- Theatrical release poster
- Directed by: Erle C. Kenton
- Written by: Damon Runyon Allen Boretz John Grant
- Produced by: Alex Gottlieb
- Starring: Bud Abbott Lou Costello Grace McDonald Cecil Kellaway Eugene Pallette
- Cinematography: Charles Van Enger
- Edited by: Frank Gross
- Music by: Harry Revel
- Distributed by: Universal Pictures
- Release date: March 10, 1943;
- Running time: 80 min
- Country: United States
- Language: English
- Box office: $1.6 million (US rentals)

= It Ain't Hay =

1943 film by Erle C. Kenton

It Ain't Hay is a 1943 film starring the comedy team of Abbott and Costello.

==Plot==
Cab driver Wilbur Hoolihan accidentally kills a hack horse owned by King O'Hara and his daughter, Princess O’Hara, by feeding it candy. In hopes of raising enough money to replace it, he and his friend Grover Mockridge visit a crooked gambling parlor. They win enough money, but before they can purchase a new horse, a con man swindles Wilbur out of the cash. Some touts inform Wilbur and Grover that an old horse is available for free at one of the upstate tracks. They visit the track but mistakenly take the wrong horse, a champion by the name of Tea Biscuit, and present the horse to O'Hara.

Tea Biscuit's owner, Col. Brainard, offers a reward for the return of the horse. By this time, O'Hara has taken a fare up to Saratoga. Wilbur and Grover, realizing their error, drive to Saratoga to find O'Hara. The three touts also realize that Wilbur and Grover took Tea Biscuit, and trail them hoping to recover the horse and collect the reward. Wilbur and Grover manage to find O'Hara and hide Tea Biscuit in their hotel room, but they are hounded by the house detective, Warner, who was tipped off by the touts. Fleeing Warner, Wilbur rides the horse but ends up at the track in time for a big race. The three touts and Warner converge on the track and confront Grover, who makes a deal with them to turn over the horse Wilbur riding for $100. Grover then uses that money to bet on Tea Biscuit. Before the race, Wilbur is thrown off Tea Biscuit and lands on Rhubarb, and Rhubarb's jockey saddles up Tea Biscuit. With a real jockey aboard, Tea Biscuit wins the race while Wilbur and Rhubarb come in last. Warner and the touts take Wilbur's horse, which they believe is Tea Biscuit, to Col. Brainard for the reward, but it is the wrong horse. Grover holds the only winning ticket on Tea Biscuit, and uses the windfall to buy O'Hara a replacement horse.

==Cast==
- Bud Abbott as Grover Mockridge
- Lou Costello as Wilbur Hoolihan
- Grace McDonald as Kitty McGloin
- Cecil Kellaway as King O'Hara
- Eugene Pallette as Gregory Warner
- Patsy O'Connor as Peggy / Princess O'Hara
- Leighton Noble as Pvt. Joe Collins
- Shemp Howard as Umbrella Sam
- Samuel S. Hinds as Col. Brainard
- Eddie Quillan as Harry the Horse
- Richard Lane as Slicker
- Andrew Tombes as Big-Hearted Charlie
- Wade Boteler as Reilly
- Selmer Jackson as Grant
- The Four Step Brothers
- The Vagabonds
- Mike Mazurki as Bouncer (Uncredited)
- Herb Vigran as Man in the Back Room (Uncredited)
- Pierre Watkin as Major Harper (Uncredited)

==Production==
It Ain't Hay is based upon the Damon Runyon story, Princess O'Hara, which Universal first made into a film in 1935 with Chester Morris.

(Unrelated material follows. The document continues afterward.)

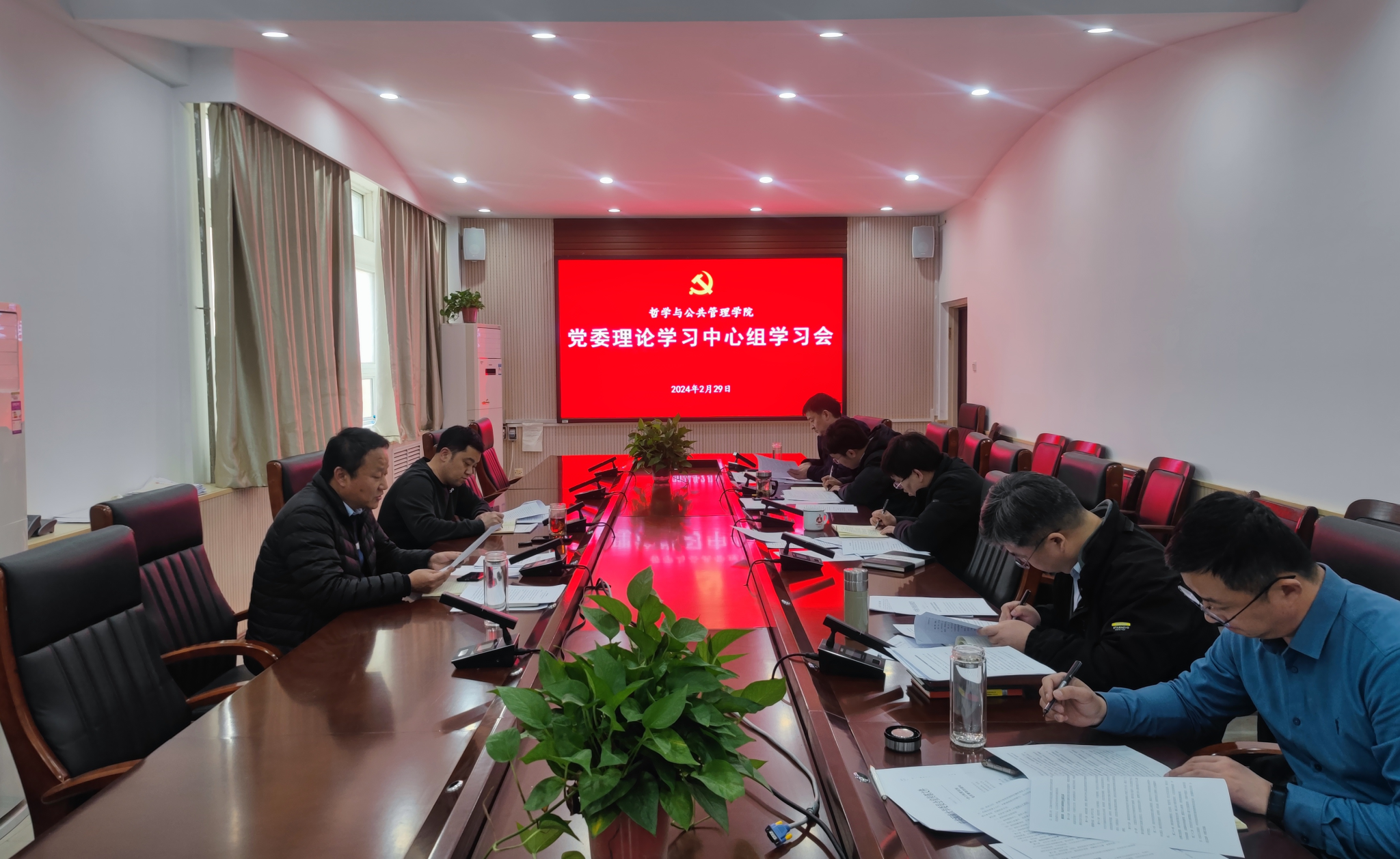 2月29日下午,哲学与公共管理学院于第三会议室召开党委理论学习中心组学习会,学院全体领导班子参加会议。会议由院党委书记党鸿军主持。

Filming of this picture began on September 28, 1942, and lasted until November 11. Lou's brother Pat Costello was used as his stunt-double in the "headless horseman" sequence.

It was during production, on November 6, that Lou's wife Anne gave birth to their son, Lou "Butch" Costello Jr.

==Fourth wall==
There is a scene that breaks the fourth wall: Wilbur and Grover are in their apartment when someone knocks at the door. Grover says, "Go answer the door, it might be Warner." Wilbur answers, "It won't do no good, we're signed up with Universal." Abbott and Costello had a long-term contract with Universal Pictures at the time. Also, in the beginning of the movie, someone asks Shemp Howard's character why he's carrying an umbrella when it isn't raining. He answers, "Who knows? I'm a Damon Runyon character."

==Home media==
It Ain't Hay was released on DVD on October 28, 2008, as part of Abbott and Costello: The Complete Universal Pictures Collection. The film's studio-authorized DVD release had been delayed for many years due to legal issues with the estate of Damon Runyon.